IS destroys infamous Syria prison as regime bombing kills scores

Islamic State group jihadists demolished a notorious government prison in the historic Syrian city of Palmyra on Saturday, as barrel bombs dropped by regime helicopters killed more than 70 civilians in Aleppo. The Syrian Observatory for Human Rights said IS planted explosives that “largely destroyed” the Palmyra jail, which was for decades a symbol of abuses meted out on regime opponents. The deaths occurred in two separate incidents when helicopters dropped explosives-filled barrels. One barrel hit the rebel-held Shaar neighborhood of the city of Aleppo, killing at least 12 people, most of them from the same family. The other attack was far deadlier, hitting a busy market known as Souk al-Hal in the Islamic State-held town of al-Bab in Aleppo’s countryside.

[It is] totally unacceptable that the Syrian air force attacks its own territory in an indiscriminate way, killing its own citizens, as it brutally happened today in Aleppo.
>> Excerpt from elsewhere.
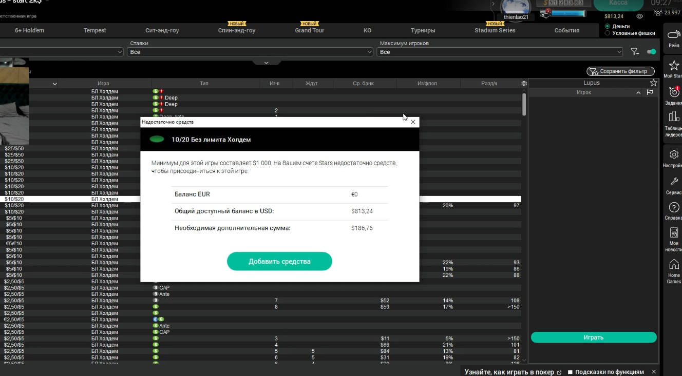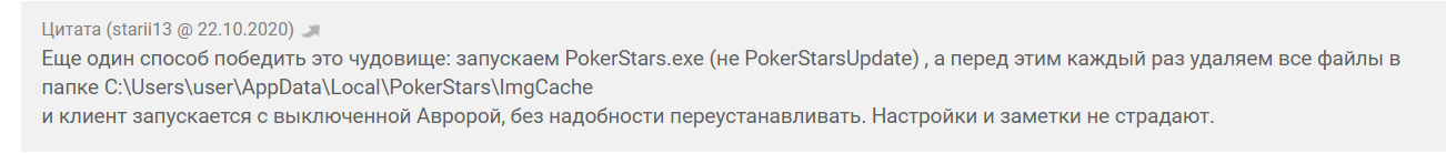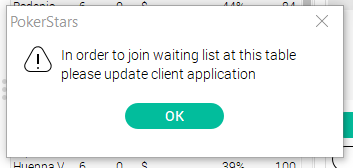 Выскакивает при попытке войти в вейтинг лист любого стола. При перезапуске клиент не обновляется, экзешник PokerStarsUpdate в папке тоже ничего не делает. Может быть такое, что это меня наказали за то, что я очень много заходил в вейтинг листы и не принимал?

Staffan de Mistura, the United Nations Special Envoy for Syria

The Britain-based Syrian Observatory for Human Rights said at least 59 people were killed and dozens wounded, calling it the one of the worst massacres perpetrated by President Bashar Assad’s army this year. It said the number of dead likely would rise because many of the wounded were in critical condition. Al-Bab is controlled by the Islamic State group, which also confirmed the attack in a statement posted on Twitter. The Syrian military has suffered a series of embarrassing setbacks in northern Syria recently as insurgents captured the city of Idlib and almost all of Idlib province. Opponents of President Bashar al-Assad welcomed on social media the destruction of the long-feared prison at Palmyra, which IS seized 10 days ago after government forces pulled out.